4. THE "PRODUCTION" ON THEIR RECORDS
The scene is Olympic Sound Studios, London, May 10, 1963 as recording of “Come On,” the Rolling Stones' first release, has just been completed:
Roger Savage (engineer): "What about the mixing?"
Andrew Loog Oldham (producer): "What's mixing?"
And thus the stage was shakily set for decades of recordings which in many ways gave birth to, and in retrospect certainly define, the very essence of garage (aka grunge, roots, and/or punk) rock. From their initial cacophonous Oldham-by-the-seat-of-his-Levis sessions straight on up to their current multi-million-dollar-yet-still-somehow-Portastudioesque-sounding productions, Rolling Stones records are best-selling examples of the fine are of Feeling over Finesse; of Emotion over Edification. And the ultimate irony? "Come On" is now available on CD.

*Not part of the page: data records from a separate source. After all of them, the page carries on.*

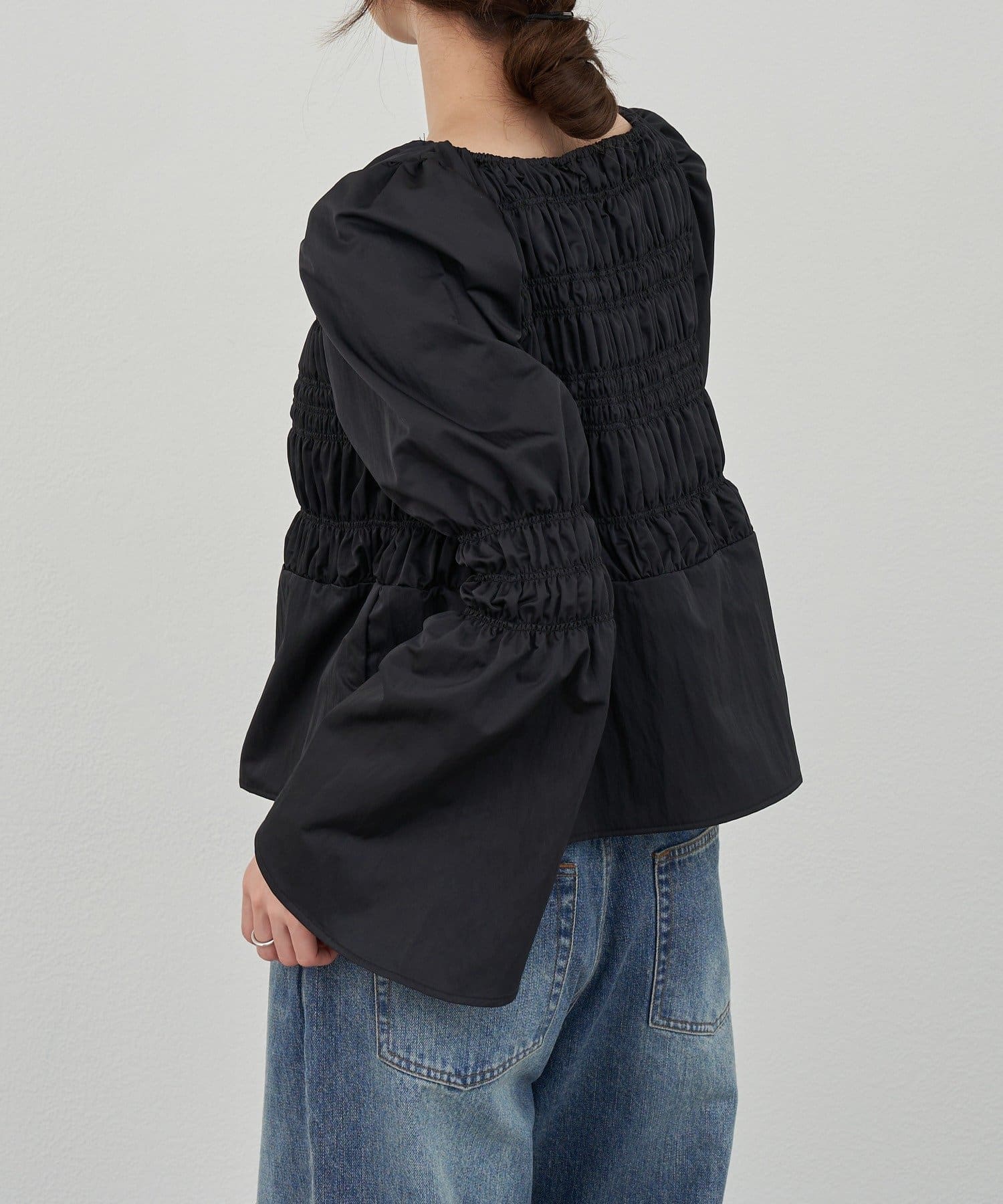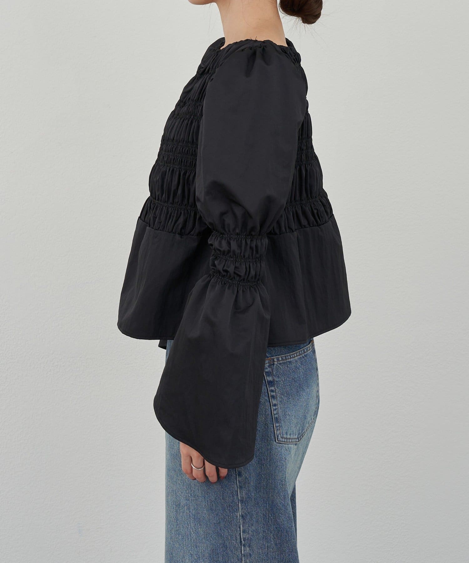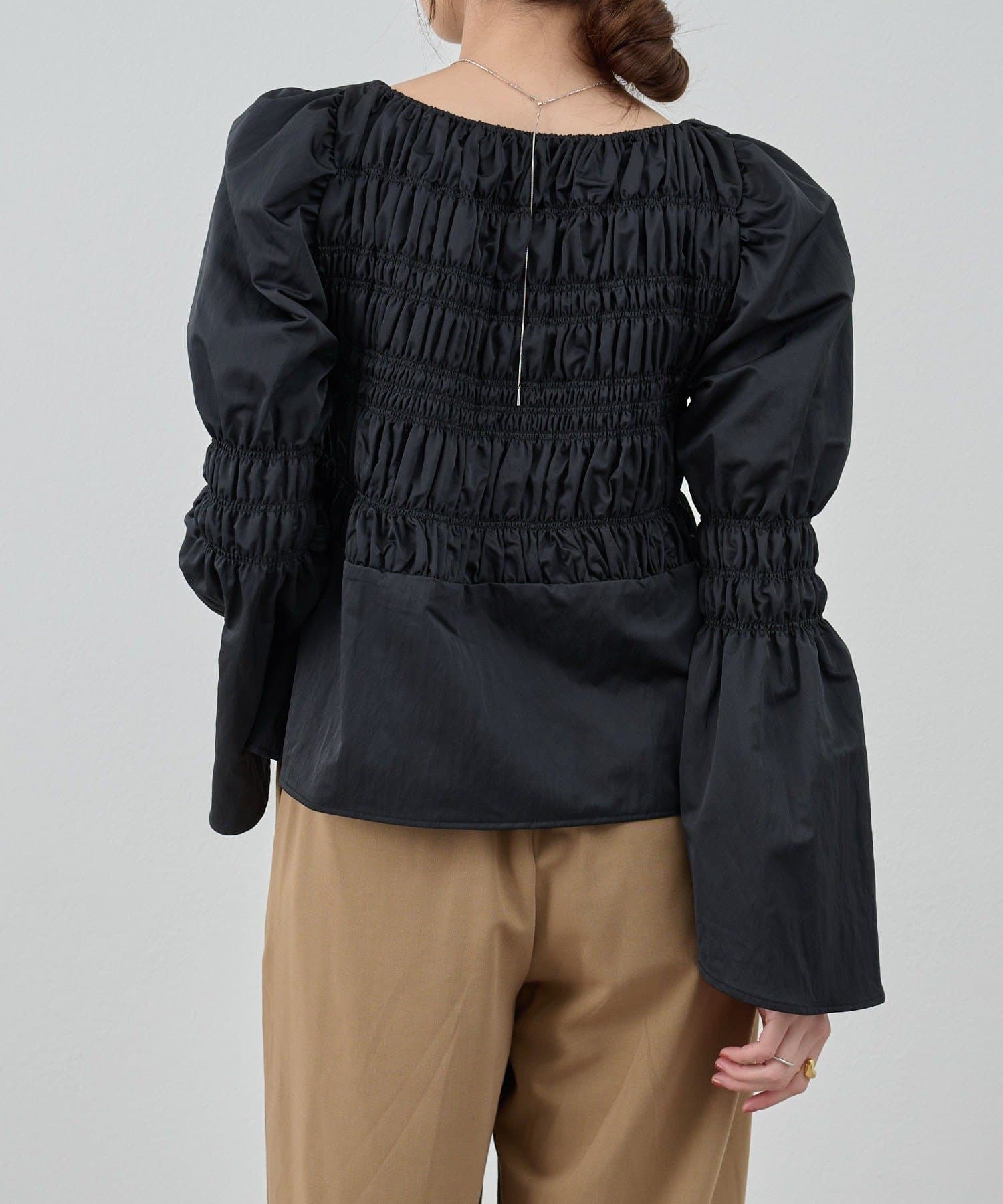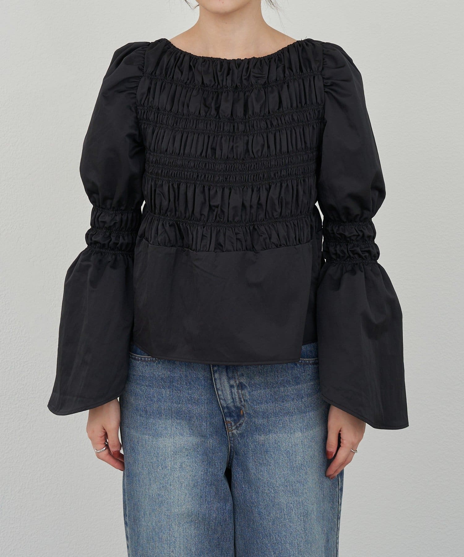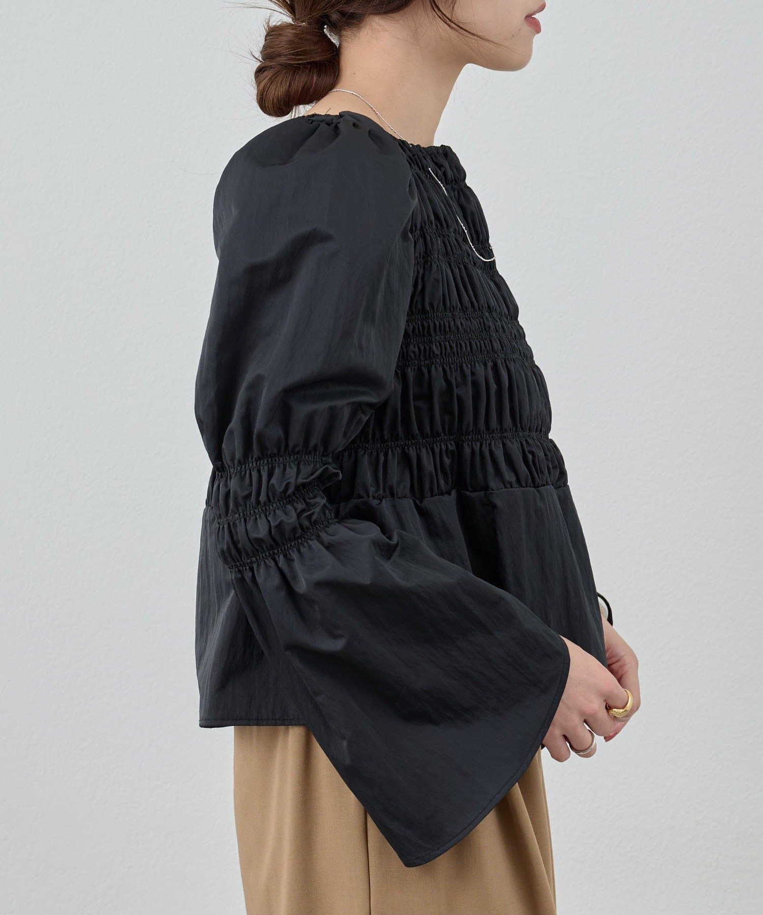 ・1枚でコーデが決まり、胸元に施されたシャーリングがトレンド感のあるデザインのアイテム。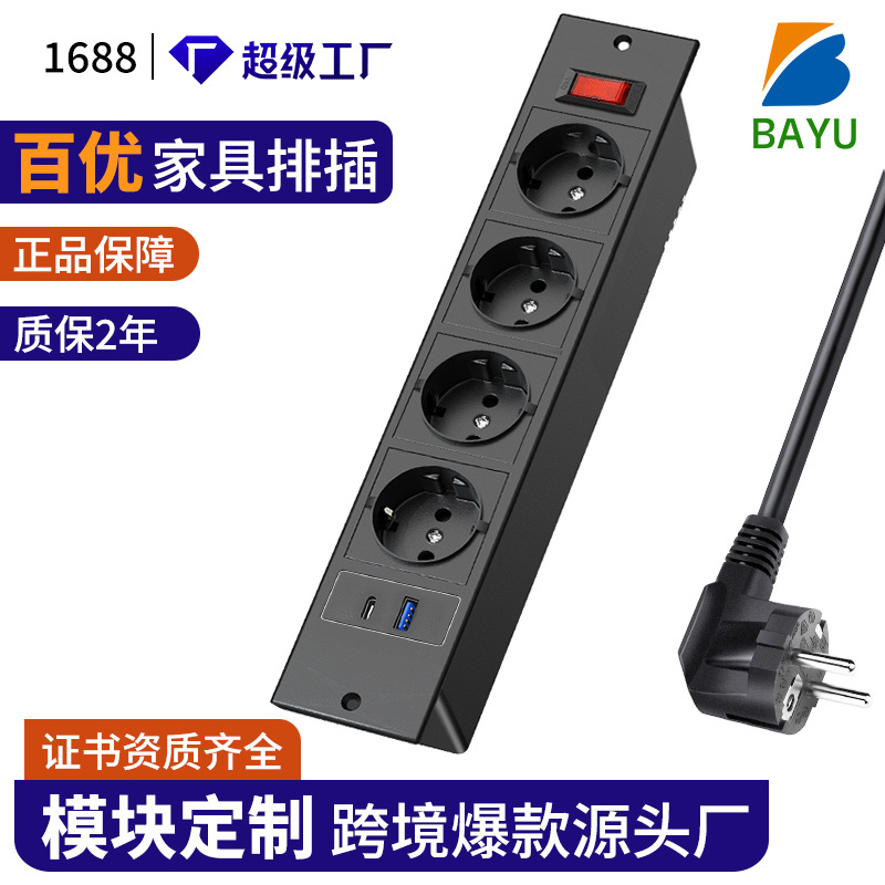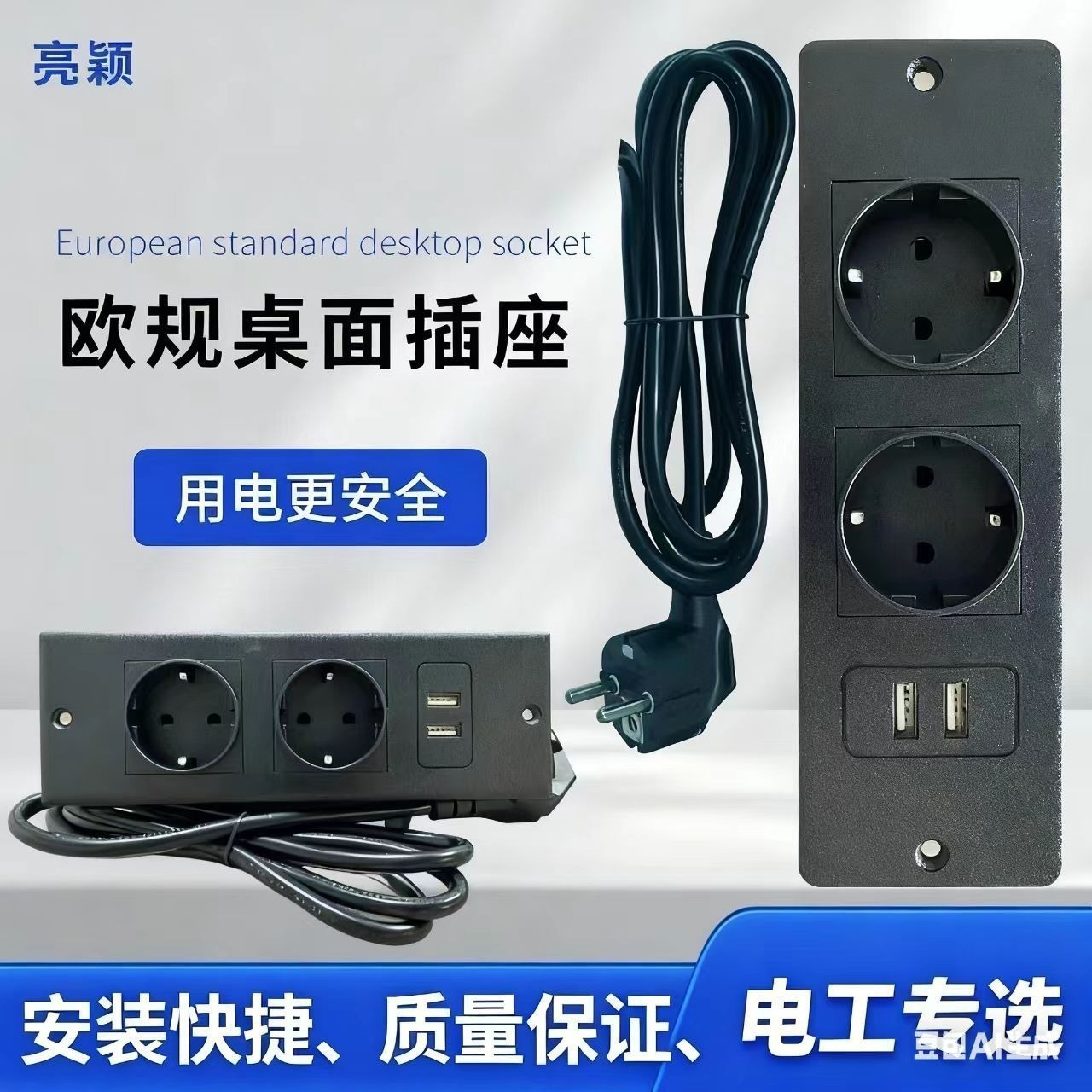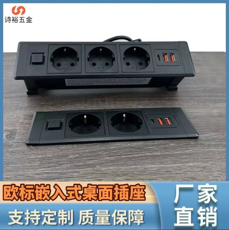 ヨーロッパ標準埋め込みデスクトップソケットヨーロッパ標準電源タップオフィスコンピュータカウンタートップソケットUSB + Type-Cポート電源タップ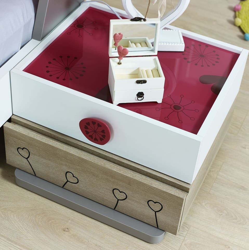 Every girl dreams of being a princess, at least at some point in her life. The Sweety Nightstand comes in a royal fuchsia/white combination to match the fantasy of a little princess room, bringing elegance and charm. It features two drawers with storage space for your essentials, and the top can be used to display a table lamp or decorations. Making it a perfect addition to your bedroom decor.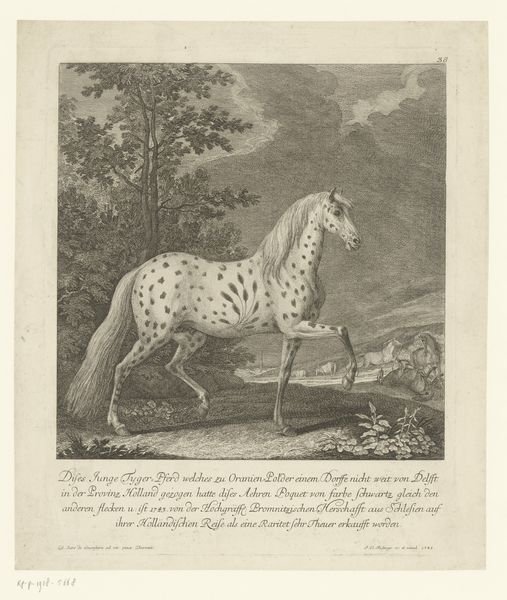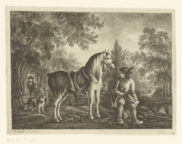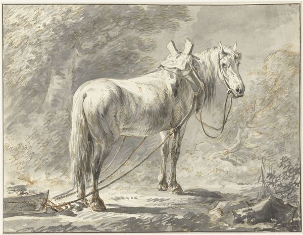 Editor: Here we have Nicolaes Berchem’s oil painting, "Two Horses in a Landscape," created sometime between 1635 and 1683. The dappled horse immediately captures your attention; it feels so intentionally posed against the more subdued landscape. What do you see in this piece, and how might its creation have been influenced by the art world? Curator: Well, it's a compelling window into the Dutch Golden Age. Paintings of animals, particularly horses, were increasingly popular. They weren't just about pastoral beauty. Consider who commissioned such works: often wealthy merchants or landowners wanting to showcase their affluence and status. This image of leisure ties directly to economic power and a sense of idealized country life. What do you think this image is selling? Editor: That makes perfect sense. The carefully positioned horse definitely suggests ownership and perhaps a desire for social elevation. It also connects to my observation that the composition seems so planned. Curator: Exactly. Berchem's strategic composition elevates the subject. While seemingly natural, there is intention behind everything: framing through the tree, the contrasting colours of the two animals. Given the increase in popularity of the Dutch Riding School in this period, do you see these artworks promoting ideals about animal breeding, wealth, or status? Editor: Definitely, that promotion feels inherent in the artistic choices now that I look at it from this socio-economic point of view. I never would have considered the economic underpinnings and their influence before. Thank you! Curator: Of course! Analyzing art with an awareness of historical context really enriches the experience. It reveals that even seemingly simple landscapes can communicate a great deal about power structures and social desires.

5. CHARLIE WATTS' DRUMMING
Especially on "Paint It, Black"!
6. THEIR ALBUM COVERS
From "December's Children" to (the untruncated original issue of) "Some Girls”, without forgetting “Through The Past Darkly,” “Sticky Fingers” (particularly the Spanish edition!) and the until-recently-banned “Beggars Banquet,” Stones songs have always come both lovingly and luridly packaged inside the most quintessential photos, graphics and liner notes this side of “The Who Sell Out.” Grand Prize Winner? Without a doubt the bloody-morning-after portrait adorning the superb “Between The Buttons,” again starring Brian “Miss Amanda” Jones. (Runner-up: the infamous she-male sleeve on the “Have You Seen Your Mother, Baby, Standing In The Shadow” single).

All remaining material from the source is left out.